I tried after removing softmax from UNet model. But the training does not seem right. I tried with 30 epochs just to cross-check, but in the second epoch, loss dropped from 36% to 5%, which does not seem right.


Labels are highly imbalanced, so I used weights in CE loss. I calculated my weights as shown here:
Classes → 0 (background), and remaining three (1,2, and 3) are class indices in labels.

First I consider whole labels from the whole dataset (dataset before splitting into training, validation, and testing) and counted how many times each class appeared. With these counts, I calculated weights.

class_counts = [294219409,   1738456,   1725338,    964349]
total_count = sum(class_counts)
class_weight = [class_counts[0]/total_count, class_counts[1]/total_count, class_counts[2]/total_count, class_counts[3]/total_count ]

Later I fed this weights to CE Loss:

loss_fn = nn.CrossEntropyLoss(weight=class_weight_tensor)

Is this the correct way to calculate class weights?

Currently, I am only using CE Loss with class weights for training.
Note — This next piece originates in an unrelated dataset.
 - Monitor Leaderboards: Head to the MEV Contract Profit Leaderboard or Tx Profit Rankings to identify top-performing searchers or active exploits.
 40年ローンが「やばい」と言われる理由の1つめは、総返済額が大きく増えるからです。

I know Dice loss and Focal Loss would be ideal one but even with just CE Loss network should learn and work (even with not so good efficiency as compared with Dice Loss).
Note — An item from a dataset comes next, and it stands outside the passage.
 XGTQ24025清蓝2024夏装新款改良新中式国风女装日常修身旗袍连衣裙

Do you see any mistakes in my process?

Thank you very much for your support!

Best Regards,

The loss is not given in a percentage and an initial drop is common, so could you explain your concern a bit?

No, since you are now weighting the majority class higher and are thus adding more penalty to a wrong classification of class0. Divide by the class frequencies as explained in this post.

I mean with 0.36 to 0.05!

Thanks for the link. It’s very helpful. Based on this link, I have calculated weights per batch for Cross entropy loss. Still, with training 100 epochs, the learning is quite slow.


I saw many code repo where they use a combination of Cross entropy loss and Dice Score, but the contribution of each one of them in final total loss varies (some use just addition of both the loss, and some use percentages of (50%) from each one of them). Are there any useful guidelines while calculating the loss function especially for imbalanced dataset?

Hello! im having the same issue. Did you solve this problem ankita?